Каждая крошечная частица или частицы “мусора” были нанесены на отдельные предметные стекла, имевшие свои обозначения. Стекла стояли на специальном стеллаже, и Гроссман, объясняя, притрагивался указательным пальцем к каждому из них.
– Основной состав образован из материалов, представленных на вот этих первых трех предметных стеклах и являющихся вязкой мастикой, к которой приклеились все остальные.
– И что же это за три материала? – спросил Клинг.

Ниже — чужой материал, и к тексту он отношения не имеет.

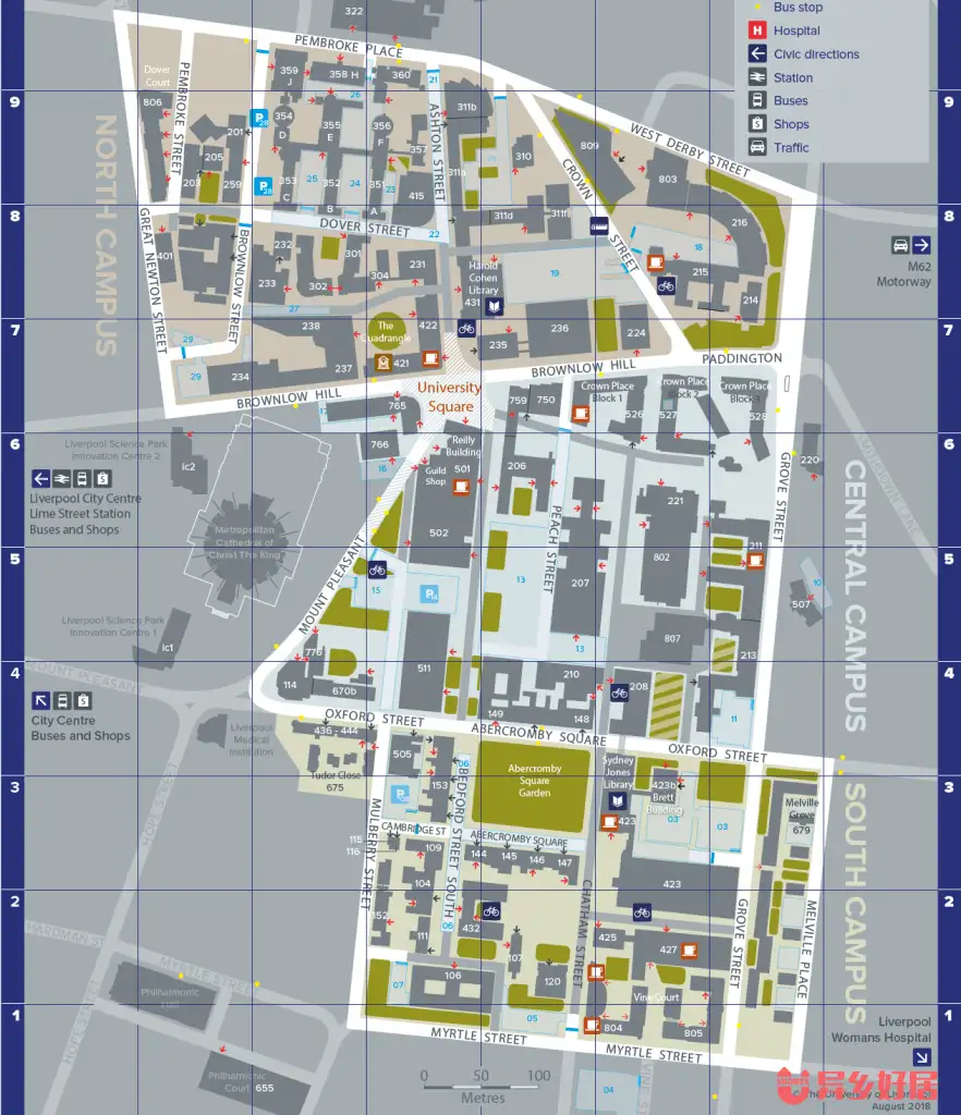 最有名的紅磚樓the Victoria Building是利物浦大學的象徵,位於圖中央421。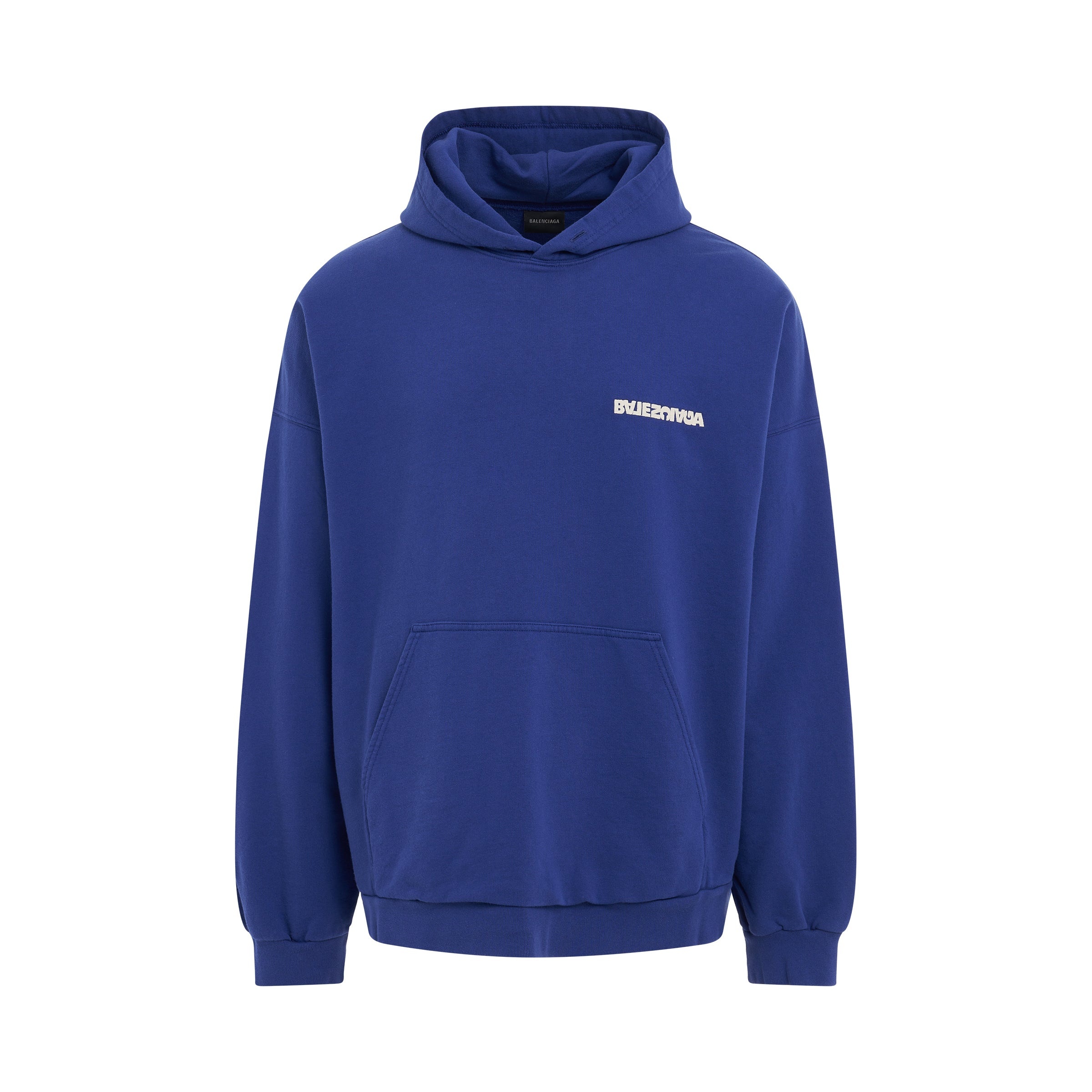 Long sleeves wide fit hoodie with contrast Balenciaga logo printed on chest and on the back. Fixed hood, one front kangaroo pocket and ribbed finishes on cuffs and hem. Wide fit. • Composition: 100% Cotton • Colour: Indigo/Dirty White • Fixed hood • Wide fit • Unisex SKU: 674986TNVB64388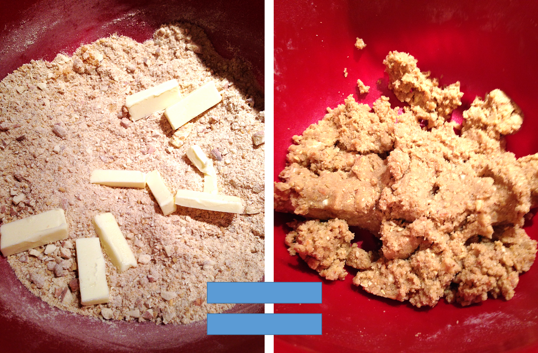 2. Slice up the butter into small pieces and mix in with the dry ingredients. Use your hands to create a cookie dough like consistency. Place in the fridge while you work on your berry mixture.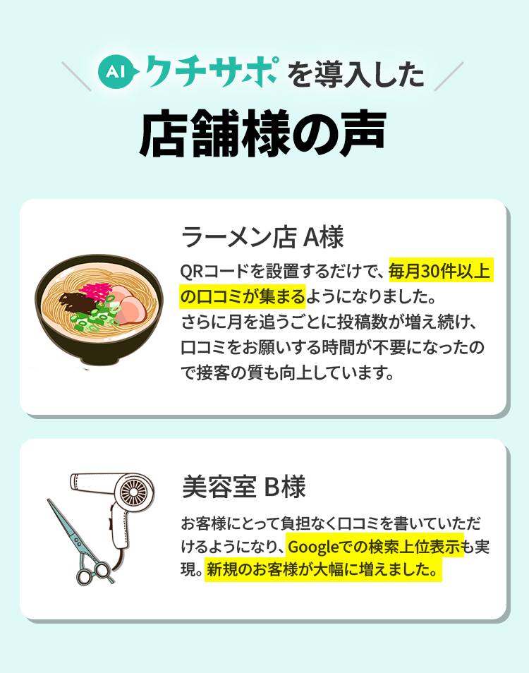 ・口コミの内容はお客様の回答から生成され、事業者が操作できない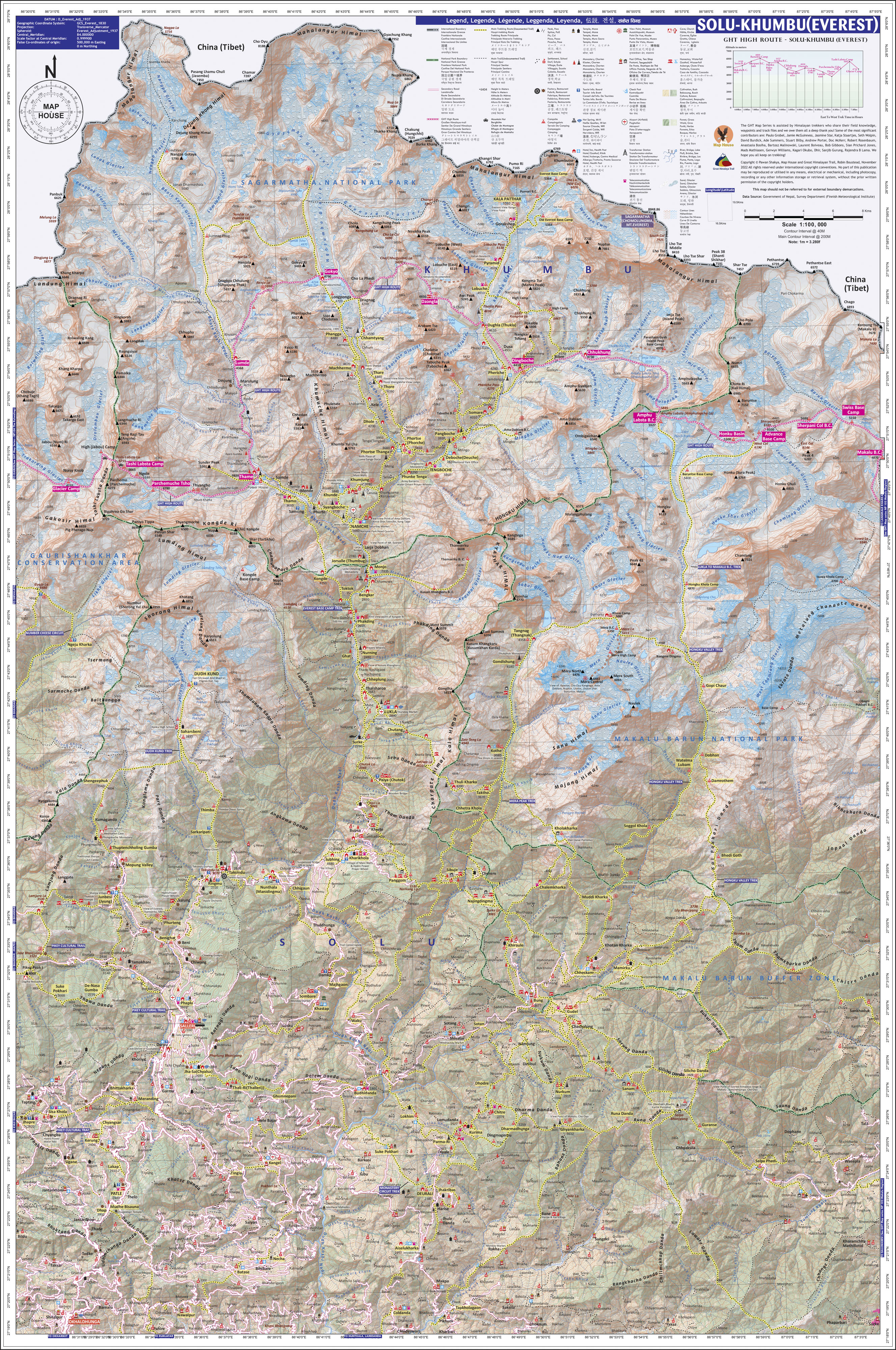 トレッキングに訪れる人が最初に手にするのが、ガイドマップ。現地で販売されている1992年版と2024年版の地図を比べると、中国との国境付近の氷河が消失していたり、低地の氷河が後退していたりと、この約30年間での氷河の変化が分かります。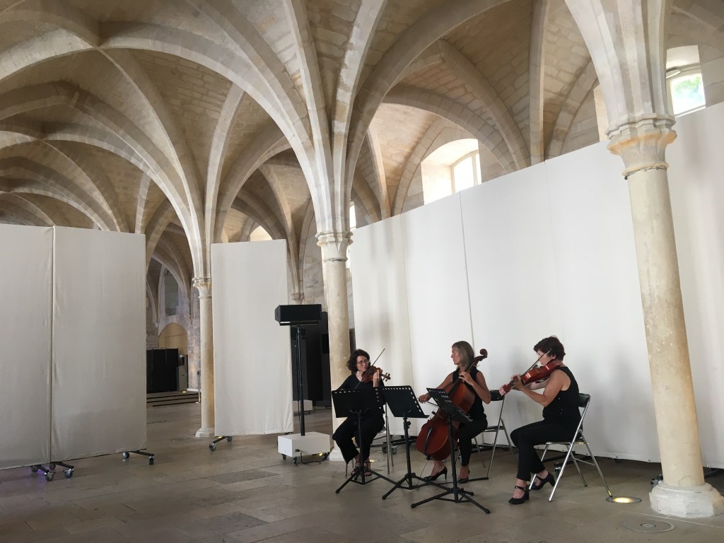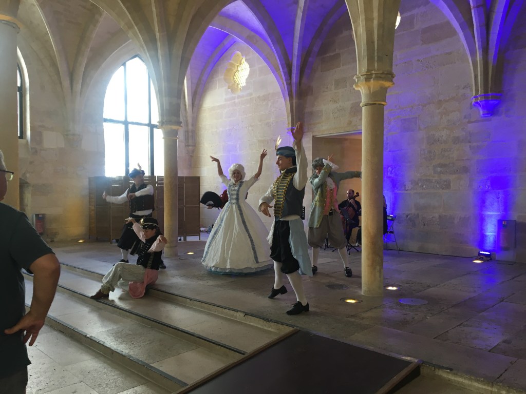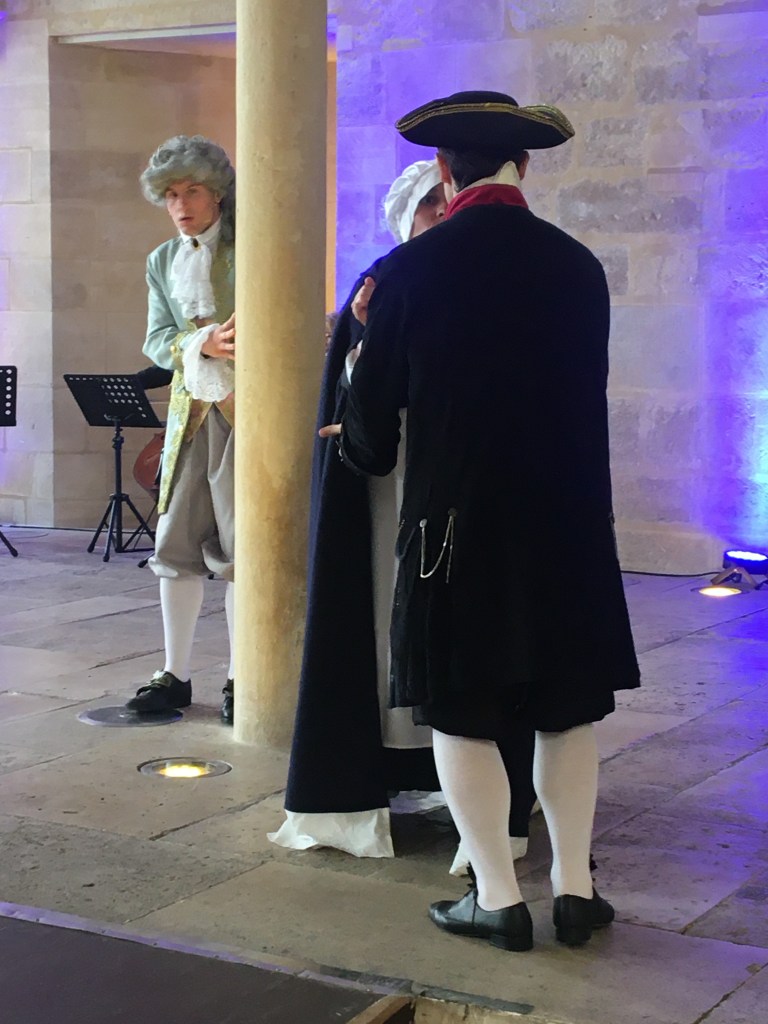 Un petit groupe d’heureux/ses élu-e-s participa donc avec moi à ce qui tient à la fois de la visite des lieux (que je n’avais jamais pu faire car les expositions et concerts déjà vus ici se tenaient au rez-de-chaussée), visite théâtralisée, de mini-concerts avec projections, de ballets, le tout impliquant au maximum le public, jusqu’à lui faire danser le menuet… Inutile de vous dire combien le rythme est soutenu pour que tout puisse se faire en 1h20.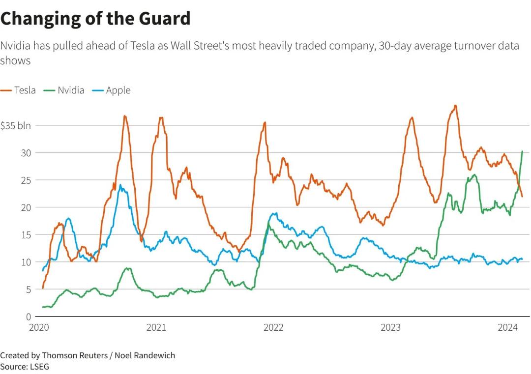 就在昨天,英伟达还因为AI领域的大热,取代了此前常年第一的特斯拉,成为 华尔街交易量最多的股票。

– Жир, древесные опилки и кровь, – ответил Гроссман.
– Человеческая кровь?
– Нет. Мы подвергли ее тесту Уленхута. Она совершенно точно не человеческая.
– Это хорошо.
– Да, – согласился Гроссман, – поскольку она дает нам кое-что для анализа. Где мы скорее всего можем столкнуться с комбинацией древесных опилок, жира и животной крови?
– В мясном магазине? – предположил Клинг.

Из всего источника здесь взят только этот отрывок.